The Dutch government has given parliamentarians an extraordinary warts-and-all assessment of the cost of the gangland drugs industry to society, estimating that it drains up to €4.1 billion from the exchequer every year – and puts about €16 billion in “black money” into circulation.
After six months of a caretaker government and an as-you-were budget on Tuesday, the long-awaited figures delivered by justice minister Ferd Grapperhaus were the highlight of a day usually dominated by the king's opening of parliament and political spending priorities for the year ahead.
Drawn up by the department of justice in response to warnings that organised crime gangs have been turning the Netherlands into "a narco state", the figures circulated to MPs and senators put the cumulative cost of drugs, where they impact on society, at between €3.2 and €4.1 billion a year.
Vicious gangs
Predictably, the largest element of that overall bill is policing, which costs between €1.1 and €1.6 billion – although police unions admit they are being outmanoeuvred by increasingly vicious international gangs who launder money through shops, restaurants and a booming property market.
The research shows that 20 per cent of those jailed have links to drugs, and so the administration of justice and running jails add up to perhaps as much as another billion euro – at between €170 million and €270 million for the former and between €400 million and €700 million for the latter.
At the same time, the cost at the Dutch medical system of treating drug addiction is another €250 million every year.
Analysis of social welfare costs shows that some 5 per cent of all unemployment benefits are drug-related, at a cost of €320 million a year. The same figure of 5 per cent also applies to disability insurance, at a cost of €200 million.
Criminal careers
The costs to the economy are also considerable, put at some €600 million: about €550 million a year to combat money laundering – and, most poignantly, the loss of an estimated €47 million a year for the economic cost of young people who leave school early for a criminal career.

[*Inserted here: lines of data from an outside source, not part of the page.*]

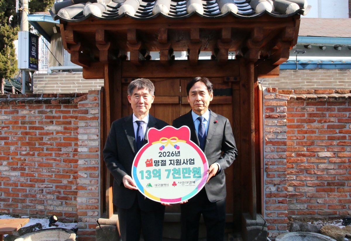 [충청뉴스큐] 일 시 : 2026년 2월 2일 오후 2시 장 소 : 스타벅스 대구종로점 주요내용 - 대구광역시와 대구사회복지공동모금회는 다가오는 설 명절을 맞아 2월 2일 스타벅스 대구종로점에서 ‘2026년 설 명절 지원사업’전달식을 가졌다.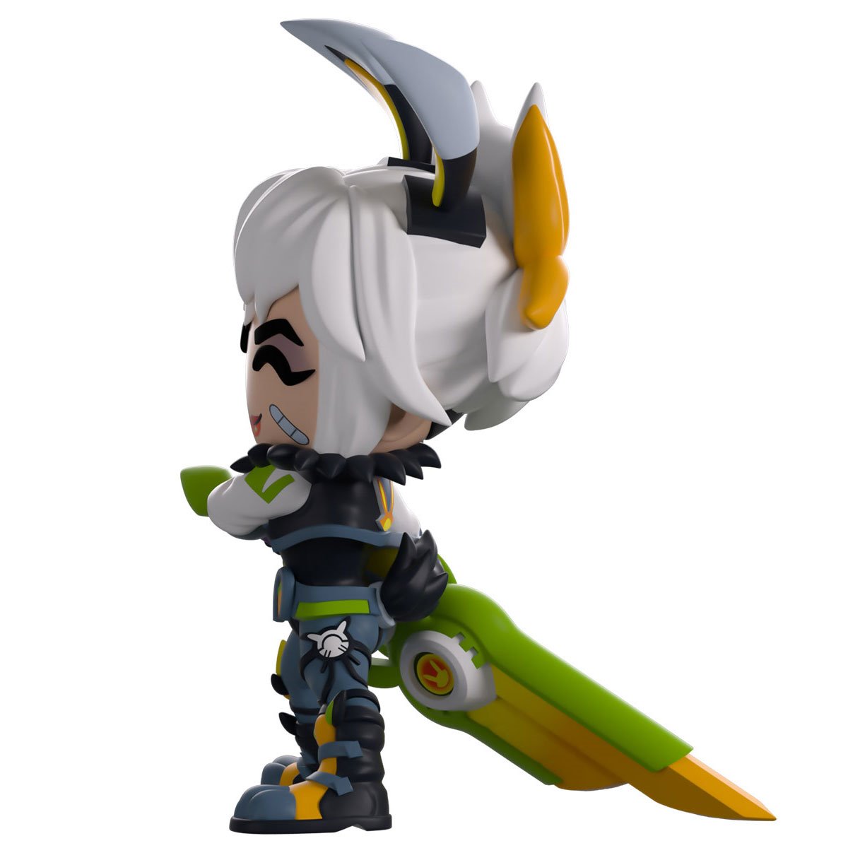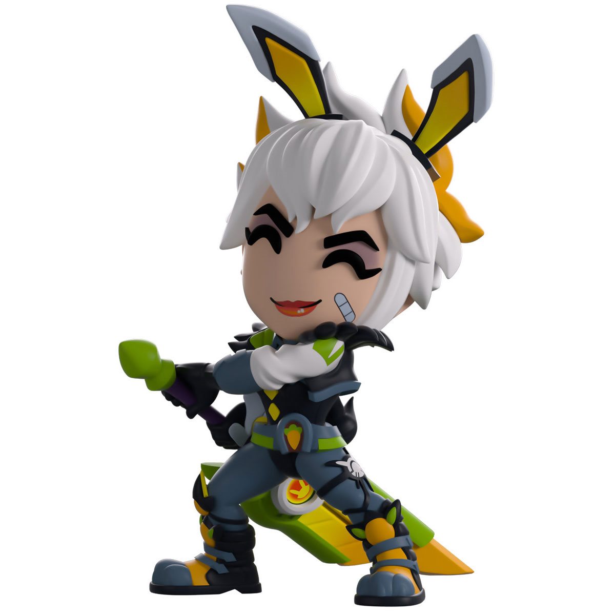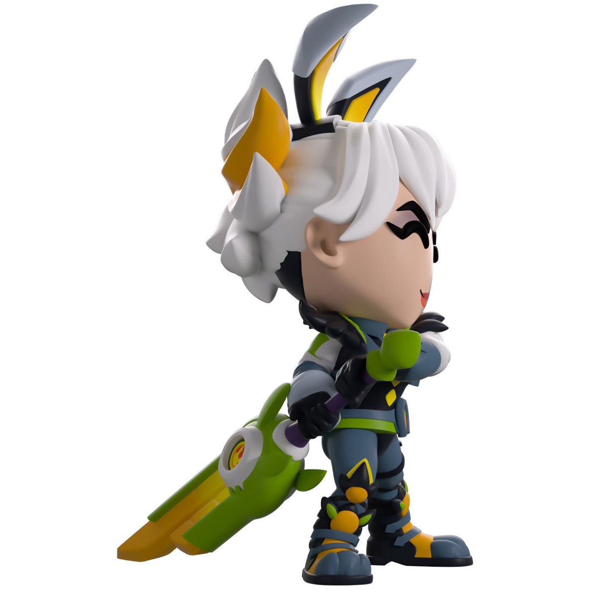 Riven has taken the middle lane to fight her way directly through to Youtooz! Standing at 5-inches tall and twisting her body as she prepares to swing her heft Runic Blade around with a devastating slash, her smirking red lips curl at the side underneath shadowed eyes as a lock of white hair frames her face and is pulled into messy strands at the back of her head behind pair of pointed bunny ears. Dressed in full Battle Bunny gear, she wears a cropped white jacket with a furry collar over a tight black leotard, along with grey pants and padded boots as a short white tail sticks out from her back. The exterior of her white packaging is covered in mint green dots and dark purple pop-ups, while the interior sports a pattern of diagonal arrows over its dark purple background. The protective sleeve then matches the green and purples of the exterior as her figure can be seen through the large clear window at the packaging's front.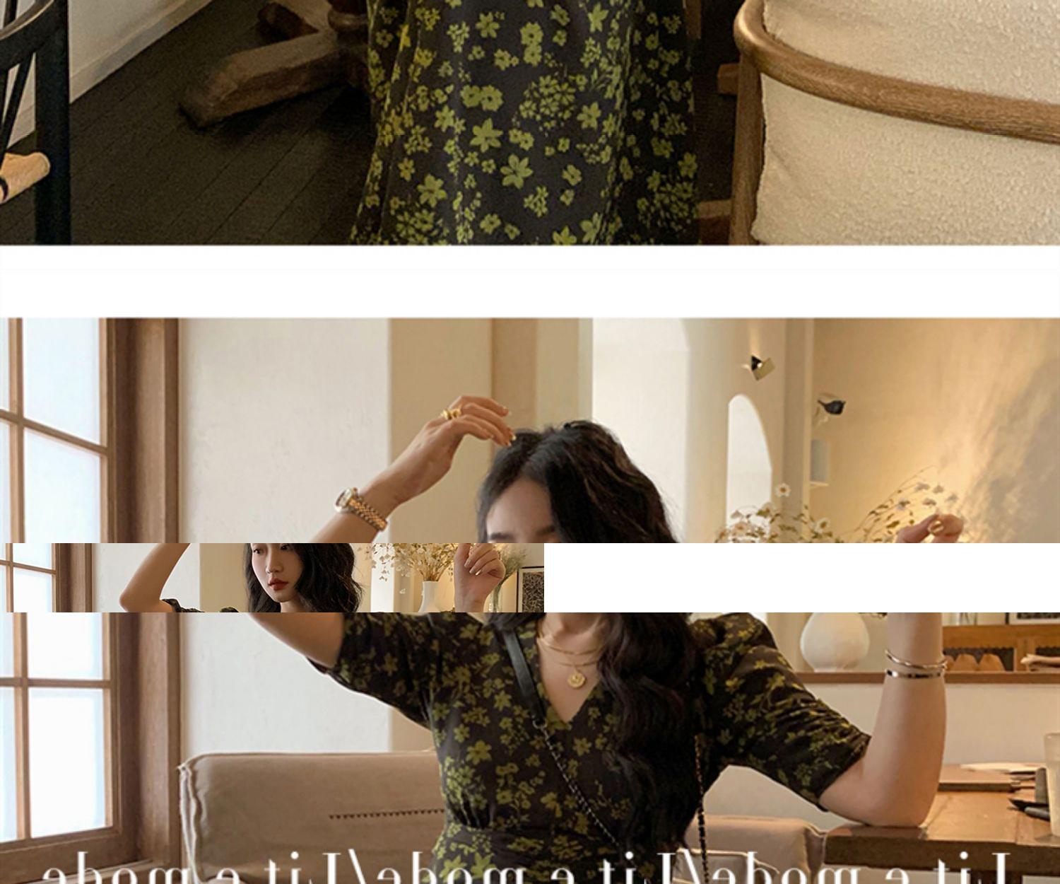 フランスのレトロなVネックの花柄のドレスは、薄くて背の高い夏のハイエンドのティーブレイクミルクの甘いウエストのドレスの夏の女性です 大人ガーリー スウィート キュート カジュアル サマー 夏物 yingd35663735687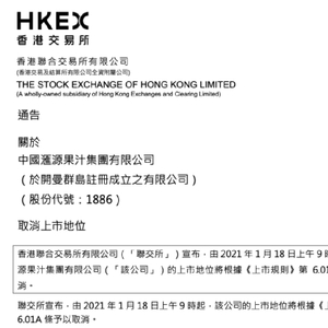 1月18号,港交所正式将汇源果汁摘牌退市。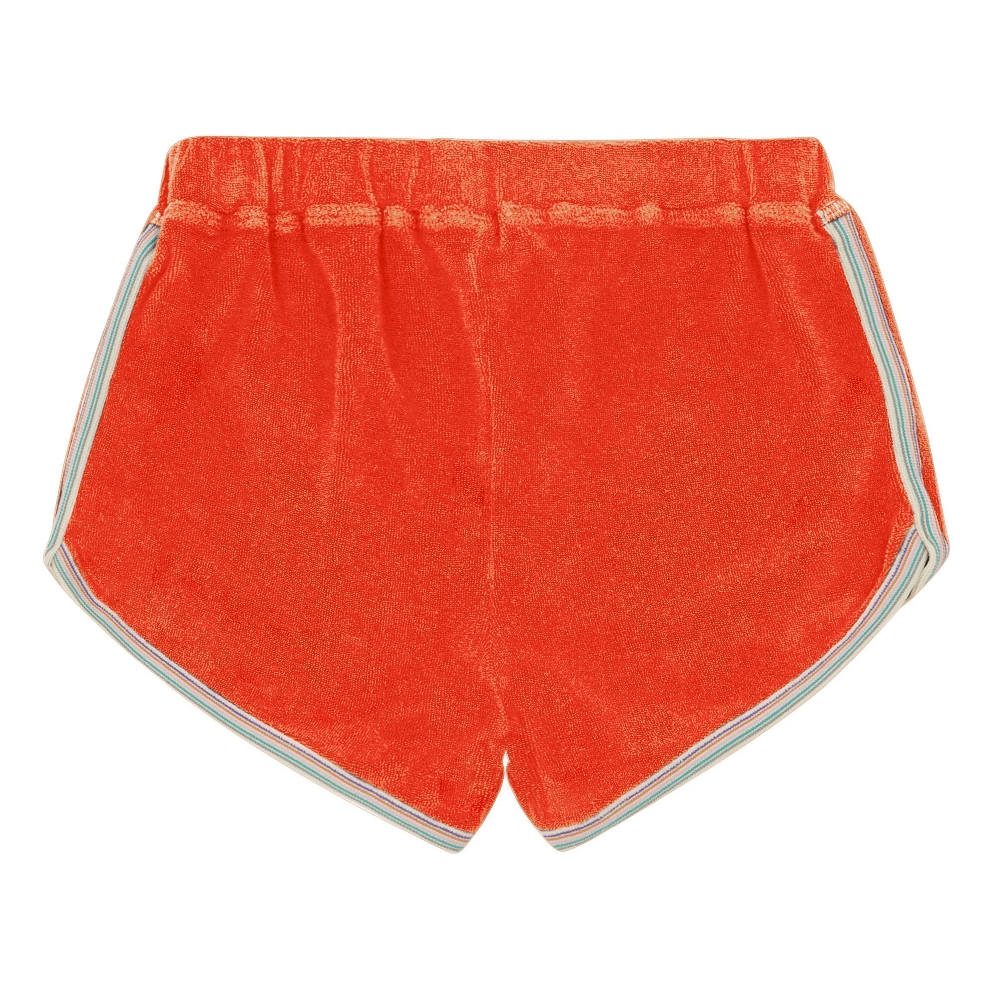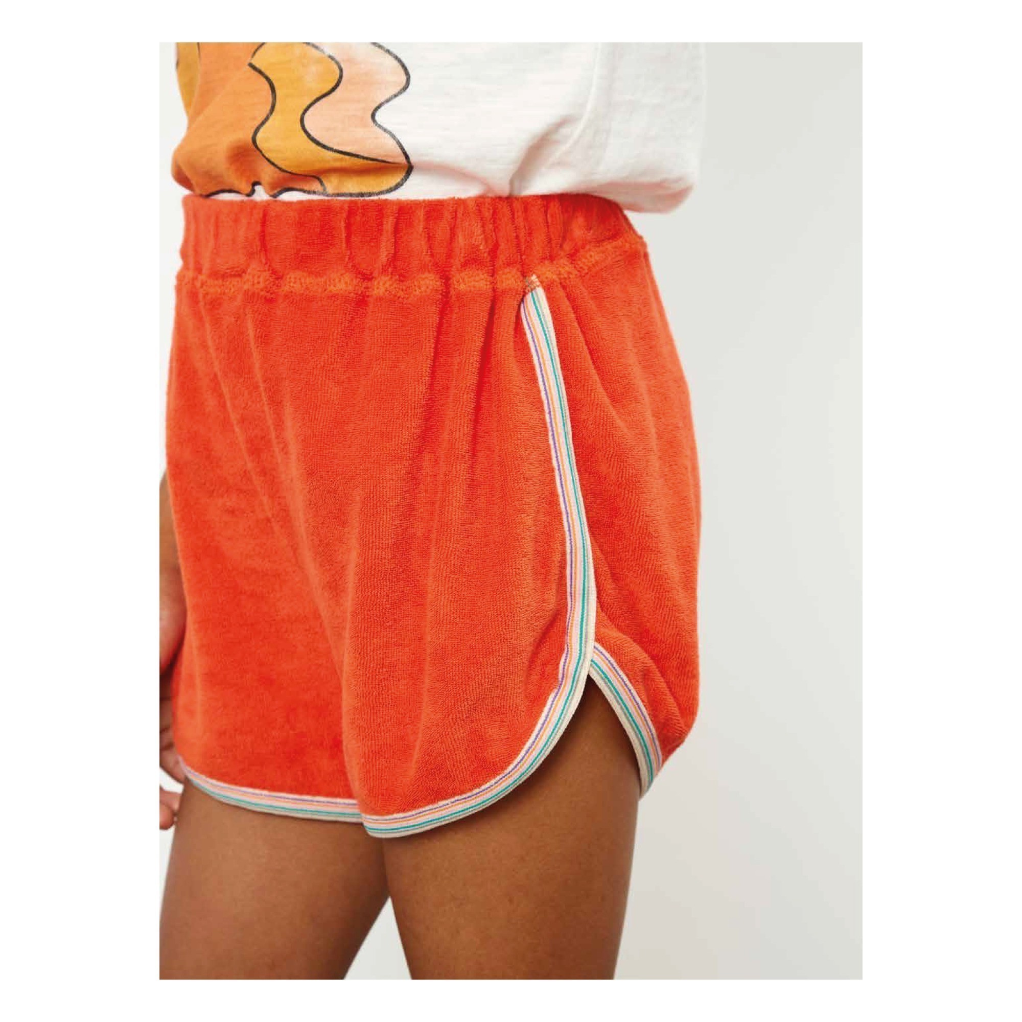 Красные махровые шорты на удобной резинке. Ткань очень мягкая и комфортная. Цветной лампас создает настроение.Незаменимая вещь для лета, но и в любое время года их можно надеть дома. Уютно и стильно.Производство: ПОРТУГАЛИЯ

What is not included in the report is the cost of police corruption, which is becoming an ever-bigger problem given the scale of the earnings made from drugs.
Dozens of officers were suspended or dismissed from the force in 2019 following investigations into corruption at all levels, which found breaches of official secretary, dereliction of duty, fraud, tampering with computers, and misusing information from police computers.
The findings were described at the time as “the tip of the iceberg”.
"Criminals approach officers by stealth and apply pressure; it happens at every level," said Jan Struijs of the police union, NPD. "Realistically, in today's world, officers need training to handle it."